Iterative filtering in R-CodePudding

I have a dataset of patient visits at a clinic. Each individual patient can visit on multiple occasions. Each patient is identified by a study_id and each visit by an illness_id. I want to iteratively filter the dataframe so that a visit that occurs within 28 days of a previous visit is removed.

I cannot simply calculate the interval between all visits and then remove those which occur within 28 days.
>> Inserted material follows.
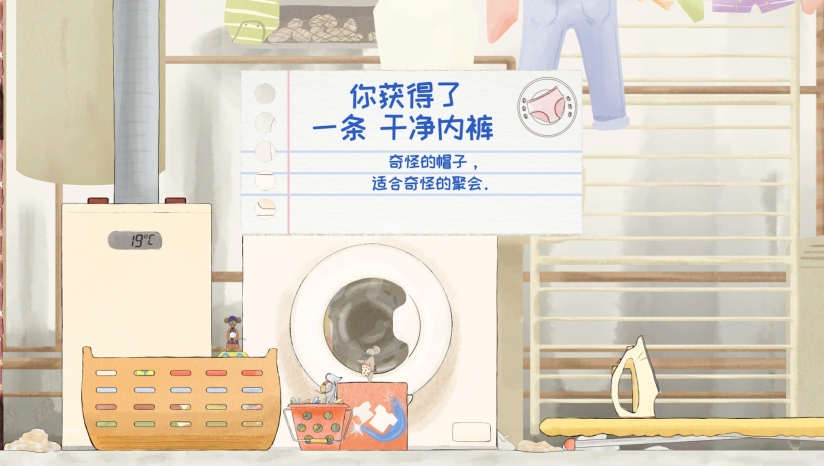 《随机鼠》在视觉上采用了完全手绘的艺术风格,整体画面模仿了水彩画的质感,营造出一个精巧而可爱的世界。房屋内的场景如同翻开的绘本,每一个细节都充满了手绘的温暖与诙谐怪趣的个性。这种艺术风格不仅让游戏世界显得生机勃勃,也与鼠鼠们可爱的主角形象相得益彰,共同为玩家提供了一场轻松愉快的视觉盛宴。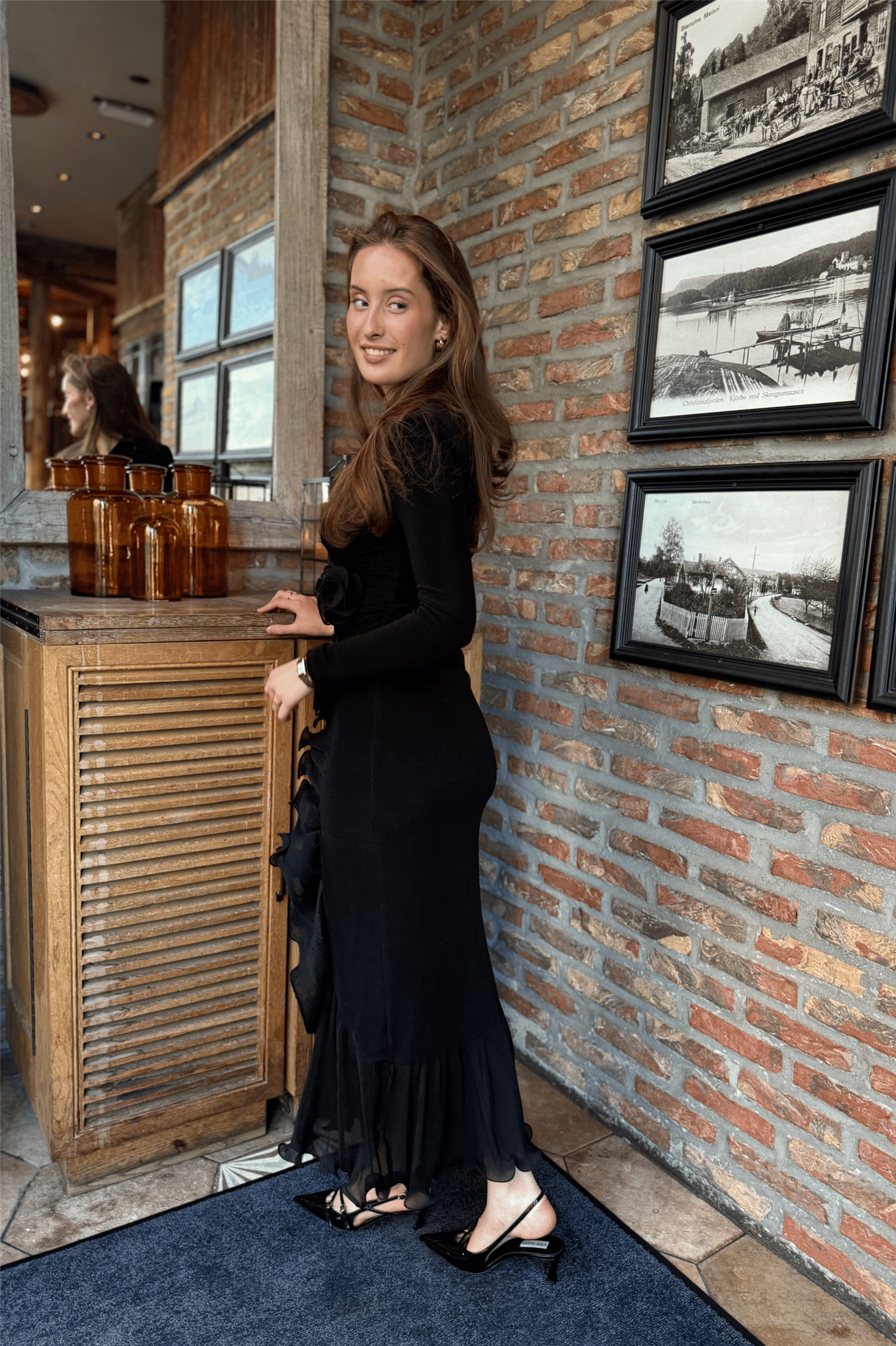Dion Dress fra RAVN RAVN. Elegant sort maxikjole med omslagseffekt og dramatiske volangdetaljer som slynger seg nedover siden. Kjolen har lange ermer, figurnær passform og transparent chiffon nederst på skjørtet som gir en lett og flytende bevegelse. Perfekt for kvelder der du vil kombinere tidløs stil med unike detaljer.

The intervals need to be calculated iteratively as the dataframe is filtered.

In the example below you can see patient 0003 presented three times. Visit 1 is always retained. Visit 2 should be removed as it occurred 7 days after Visit 1. Once Visit 2 is removed, Visit 3 would occur 29 days after Visit 1 and so should be retained. However if I calculate all the intervals and then filter out any visits with an interval of 28 days or less, both Visits 2 and 3 would be removed (because Visit 2 occurred 7 days after Visit 1 and Visit 3 occurred 22 days after Visit 2).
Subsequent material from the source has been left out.